Many have crowned Pierre Schaeffer as the originator of electronic music. But the world’s first electronic composition is actually “Ta’abir Al-Zaar,” made in 1944 by the Egyptian experimenter Halim El-Dabh.
El-Dabh used a wire recorder to capture zaar, a women’s healing ceremony featuring drums, flutes, and singing. He returned to the Middle East Radio station and used echo and reverb chambers to manipulate the timbres. He isolated, enhanced, and removed certain frequencies.
He then transferred his composition onto a reel-to-reel, edited the composition, and renamed it “Ta’abir Al-Zaar” — The Expression of Zaar. The original piece was not preserved, but a two-minute excerpt appeared on CD under the title “Wire Recorder Piece.”
El-Dabh is most known for his experiments in the US during the 1960s at the Columbia-Princeton Electronic Music Center, the oldest center for electronic music research in the United States.

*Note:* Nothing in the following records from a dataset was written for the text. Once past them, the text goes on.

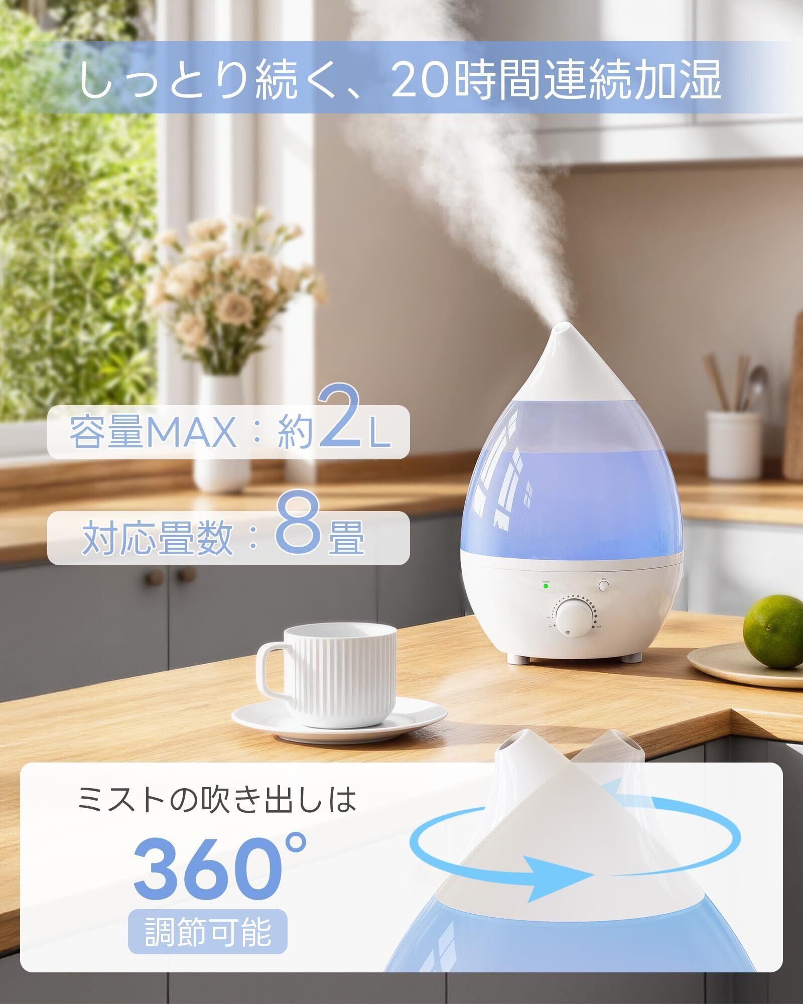 【超強ミスト加湿力】この超音波式加湿器は、微細なミストを素早く発生させることで、≤250ml/hの強力な加湿を実現できます。お部屋全体の乾燥を防ぎ、肌や喉のうるおいを守ります。加湿器は大容量タンクで連続使用が可能で、頻繁な給水の手間がいらず、28dBの極静音設計により、就寝時や仕事中の集中を妨げません。加湿器は360°自由調整できる吹き出し口で、ミストの方向を思いのままにコントロール可能です。5畳から10畳までの空間に最適で、一人暮らしの部屋でも家族のリビングでも、快適な湿度環境をお届けします。
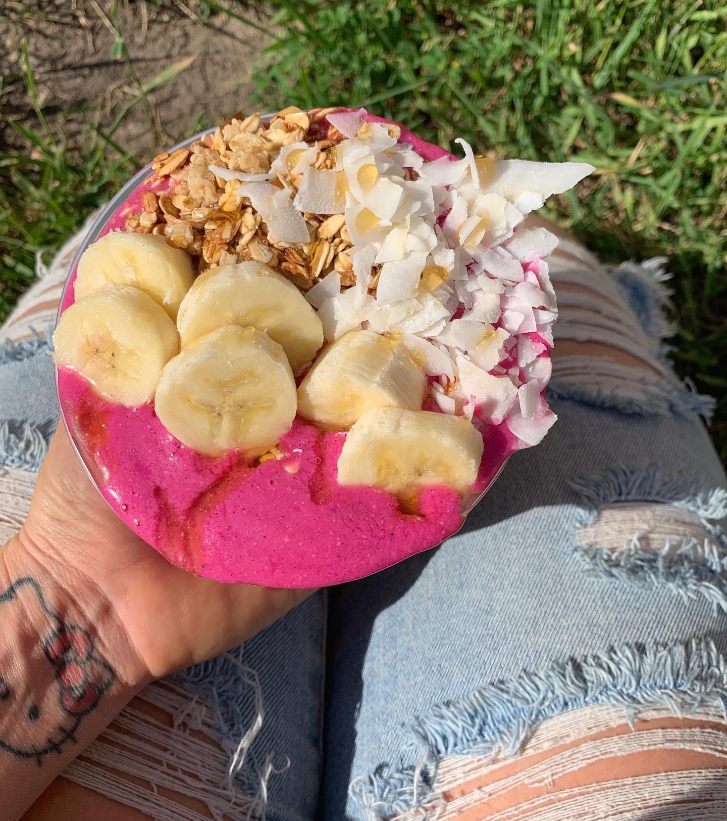 Dragon's Breath: apple juice OR coconut water, pitaya, banana, strawberry, pineapple
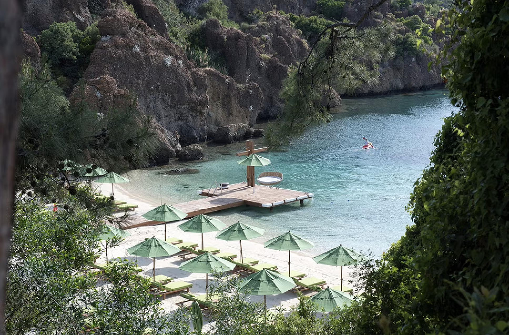 The nearest airports are Dalaman (just under two hours away by car) and Bodrum (about to two and half), both offering international connections and a scenic introduction to the region’s wild beauty. From either, the drive winds through mountains blanketed in pine, past glimpses of turquoise sea and sleepy villages where time seems to pause. For those arriving by water, the bay is a favorite stop for yachts cruising down from Bodrum or Göcek, with tender service delivering guests straight to shore. And then there are the helicopters—landing not infrequently on the resort’s private pad—offering the quickest, most dramatic arrival of all. However you get there, the final descent into the cove feels like slipping behind a curtain into someplace private, privileged, and utterly unreal.
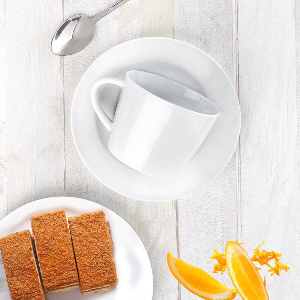 Jestliže dáváte přednost klasickému bílému nádobí před divokými barvami, je tento bílý porcelánový hrnek o objemu 180 ml jako dělaný pro Vás. Navíc k němu patří i ladící podšálek.
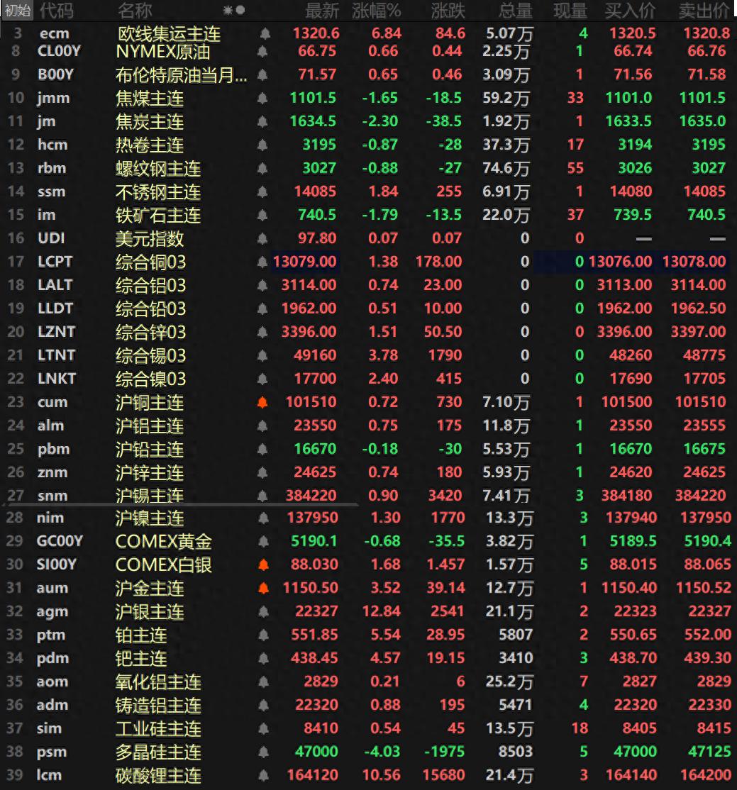 外盘方面,截至15:04分,外盘基本金属集体飘红,且涨幅相较内盘更胜一筹,伦锡以3.78%的涨幅领涨,伦镍涨2.4%,伦铜涨1.38%,伦锌涨1.51%,其余金属涨幅均在1%以内。
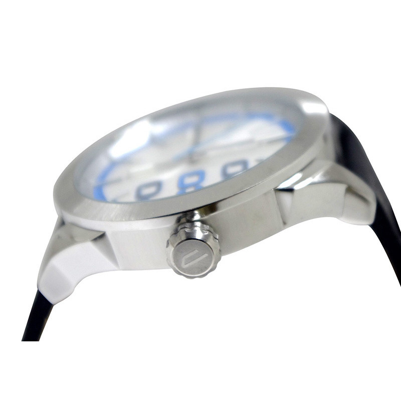 Модель имеет водонепроницаемость 100 м. Корпус выполнен из материала – сталь. Прочное минеральное стекло надежно защищает циферблат от ударов и других повреждений. Удобный кожаный ремешок позволяет часам комфортно сидеть на запястье. Из дополнительных функций имеются: секунды.

He was briefly Igor Stravinsky’s assistant and worked alongside folks like John Cage, Vladimir Ussachevsky, and Otto Luening.
2. “Tape Music An Historic Concert”
Vladimir Ussachevsky and Otto Luening are among the first American composers to integrate tape music into live performance and recordings in the United States. In 1952, Luening and Ussachevsky presented the first concert of music for tape in the US at the Museum of Modern Art in New York City. The result was pressed onto vinyl in 1968 and entitled Tape Music An Historic Concert.
What was so striking about this concert? It showcased the creative capabilities of tape in conjunction with classical instruments — distortions, superimpositions, echoes, and timbral transformations fused with an orchestral composition.
The result was an eerie and completely new kind of sound for the time. It marked the beginning of an American chapter in the legacy of tape music already happening in France, Britain, and other parts of the world. The famous conductor Leopold Stokowski, who went to the show, described tape music as:
“Music that is composed directly with sound instead of first being written on paper and later made to sound. Just as the painter paints [their] picture directly with colors, so the musician composes [their] music directly with tone…”
In the late 1950s, Ussachevsky and Luening founded the seminal Columbia-Princeton Electronic Music Center.
3. Pierre Schaeffer and Musique Concrète
Founded in 1951, the Groupe de Recherches Musciales (GRM) was a studio based out of the Radiodiffusion-Télévision Française (RTF) headquarters in Paris. The GRM is the historic electro-acoustic music group founded by composers Pierre Schaeffer and Pierre Henry and engineer Jacques Poullin.
This studio allowed Pierre Schaeffer to continue developing his theory of musique concrète: a music that used recorded sounds as base material for composing. Shaeffer encouraged acousmatic listening — listening to sounds for their acoustic and rhythmic qualities without knowing or trying to know what causes them. Tape played a fundamental role as a medium for recording and manipulating those experiments.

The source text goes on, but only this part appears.